- Entries provided -
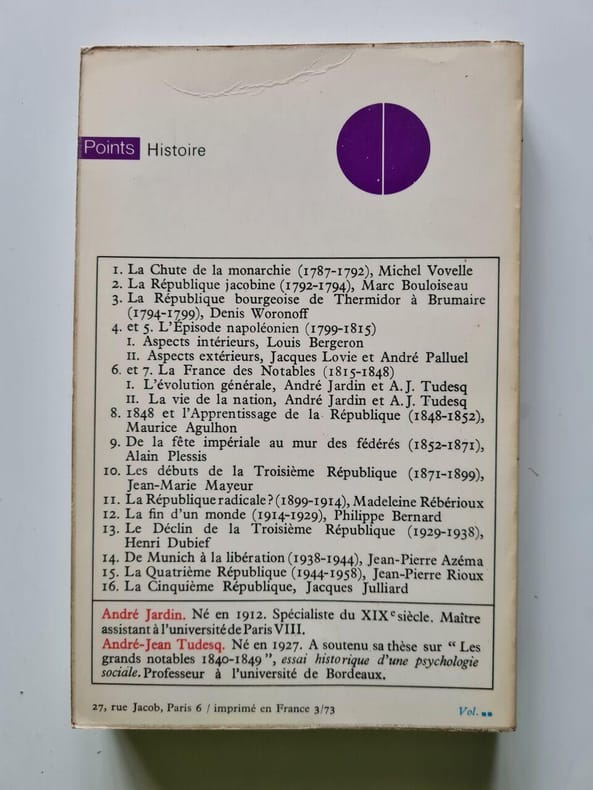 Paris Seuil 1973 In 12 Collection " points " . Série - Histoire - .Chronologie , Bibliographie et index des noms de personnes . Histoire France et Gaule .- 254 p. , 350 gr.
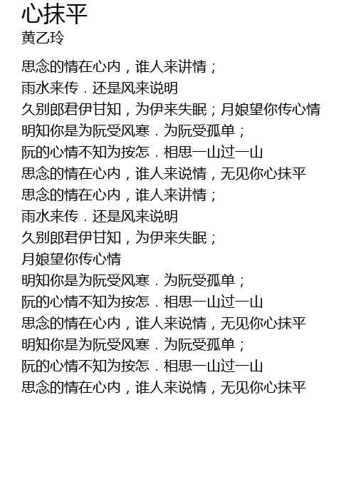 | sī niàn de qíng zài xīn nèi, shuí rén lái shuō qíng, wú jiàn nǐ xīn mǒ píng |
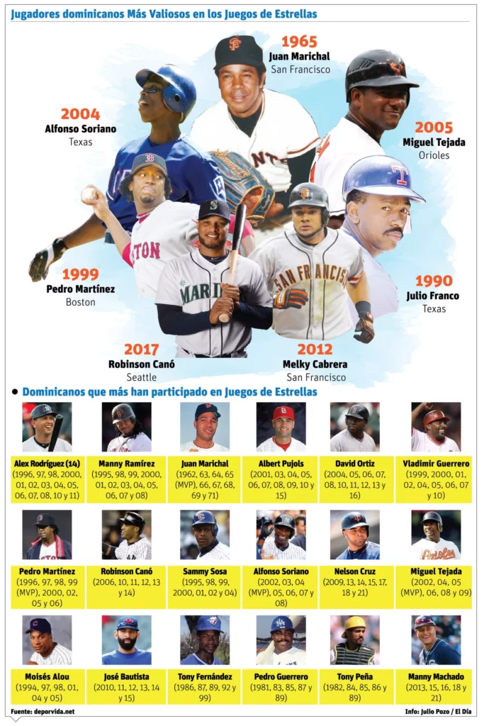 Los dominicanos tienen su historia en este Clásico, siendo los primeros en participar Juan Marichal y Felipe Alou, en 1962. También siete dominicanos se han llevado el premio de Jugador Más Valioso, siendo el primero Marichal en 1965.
--
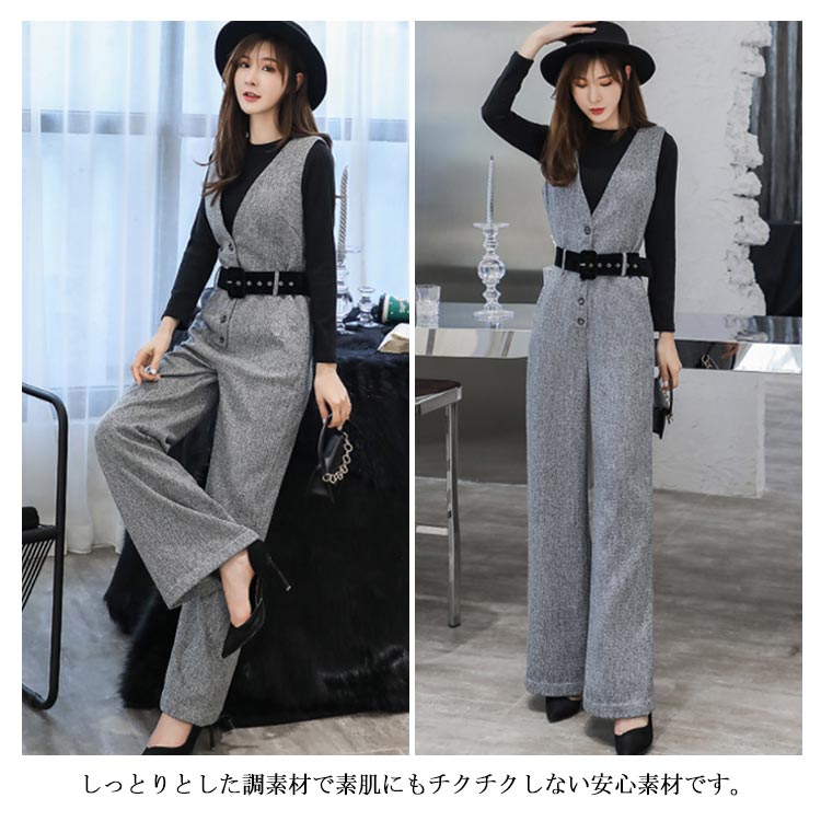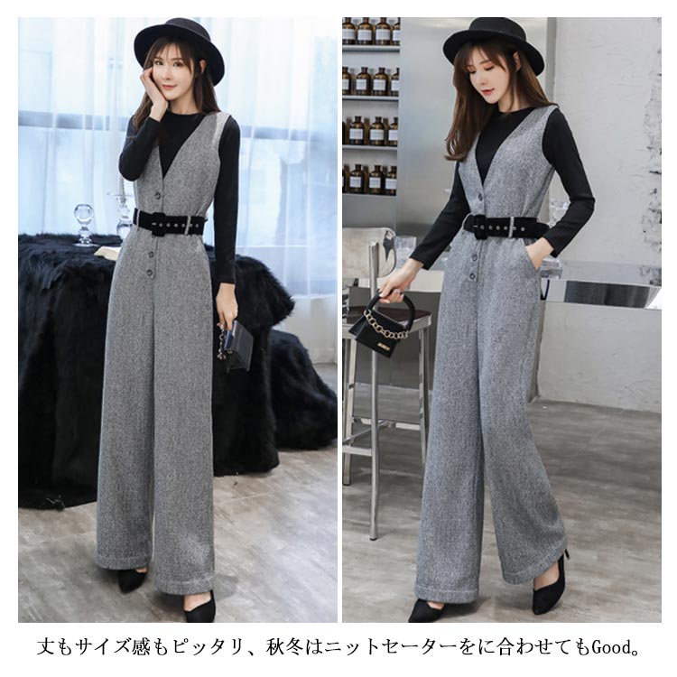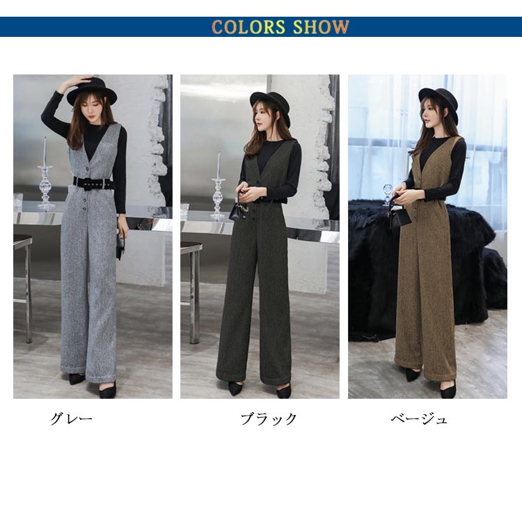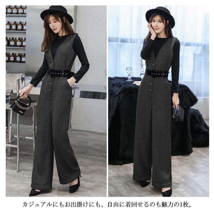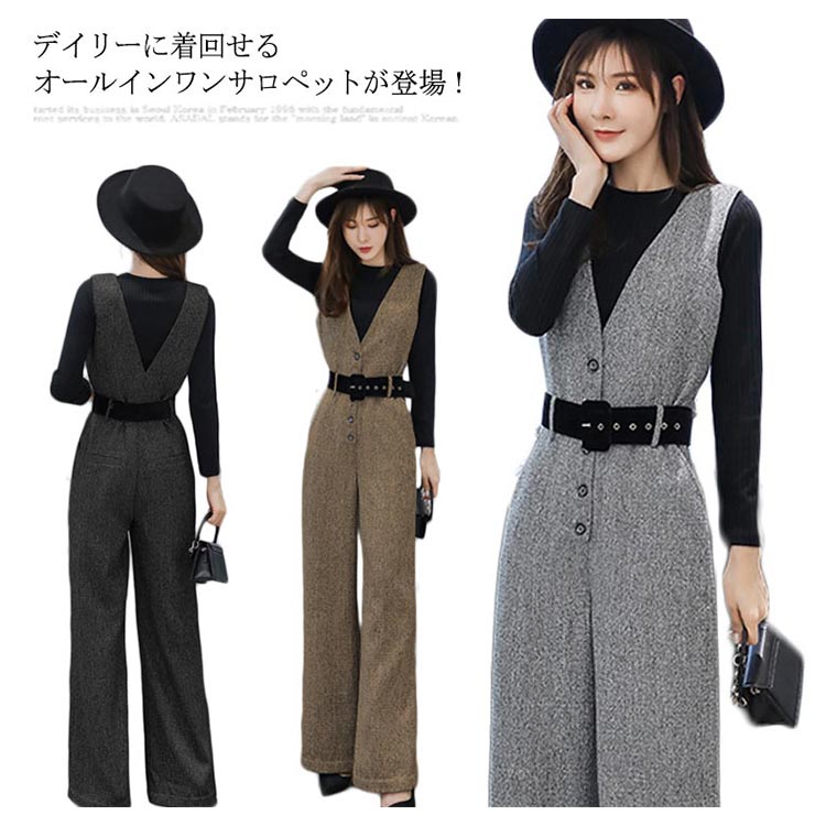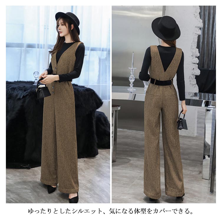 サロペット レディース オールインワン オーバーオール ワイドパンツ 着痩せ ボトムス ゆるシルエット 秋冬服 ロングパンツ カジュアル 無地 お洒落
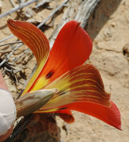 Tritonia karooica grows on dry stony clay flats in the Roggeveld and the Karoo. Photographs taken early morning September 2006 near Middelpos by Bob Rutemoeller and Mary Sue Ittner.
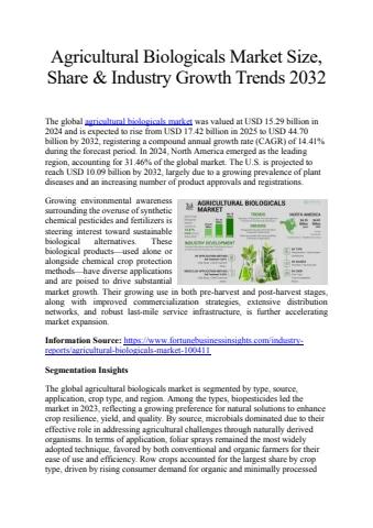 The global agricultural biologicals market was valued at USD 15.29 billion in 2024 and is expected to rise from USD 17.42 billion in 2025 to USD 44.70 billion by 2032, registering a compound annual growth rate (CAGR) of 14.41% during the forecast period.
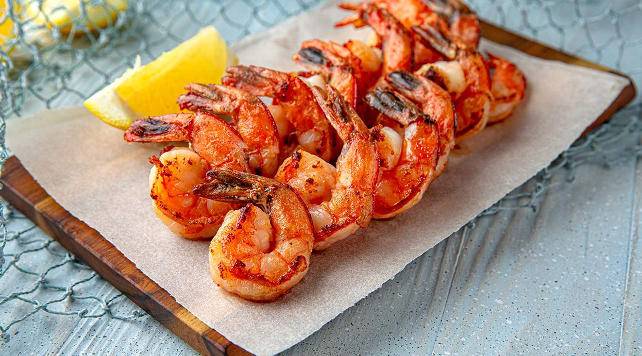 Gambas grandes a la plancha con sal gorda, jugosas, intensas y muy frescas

- What you are asked to do -
Return exactly the lines of the material above, starting at the line containing "xīn mǒ píng |" and finishing at the line containing "Los dominicanos tienen", without any pictures.

- Written solution -
 | sī niàn de qíng zài xīn nèi, shuí rén lái shuō qíng, wú jiàn nǐ xīn mǒ píng |
 Los dominicanos tienen su historia en este Clásico, siendo los primeros en participar Juan Marichal y Felipe Alou, en 1962. También siete dominicanos se han llevado el premio de Jugador Más Valioso, siendo el primero Marichal en 1965.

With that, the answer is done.